Who cares that most of the characters are shallow, their lives air-brushed and self-absorbed, when Sykes conveys their world with such panache. She namechecks famous designers with the knowing tone of one certain to receive gifts in return for such high-octane product placement, which, in case the rule holds good for a book review, includes Valentino, Pucci, and Hermès by page three. Witty and wellobserved (a Russian walks ‘as though he were invading a minor nation’), Sykes waves the banner for frivolity. A delightful Ladurée macaroon of a novel.
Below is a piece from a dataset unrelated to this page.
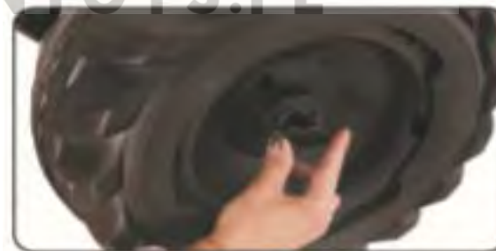
12. Przykręć śruby.

No less fanciful is K. M. Grant’s How the Hangman Lost his Heart (Puffin, pp192, £4.99). Nominally marketed as a children’s book, this is a black comedy romp through 18th-century London as posh Alice and professional hangman Dan Skinslicer traverse counties to reunite the head of Alice’s Uncle Frank with his body following his execution as a Jacobite traitor.

The historical detail is enjoyable and lightly done, and the twists and turns of Grant’s jaunty plot (involving laundry baskets, powdered wigs, stolen soldiers’ uniforms, and a jewelled bracelet) are accomplished with pleasing ingenuity. What gives the novel additional resonance is Dan’s emotional awakening and his relationship with Captain Ffrench, Dan’s rival for Alice’s hand. With their dissimilar backgrounds, this love triangle puts a satisfying spin on the nature of personal integrity and unconditional love. A quick read, but quirky enough to linger in the mind.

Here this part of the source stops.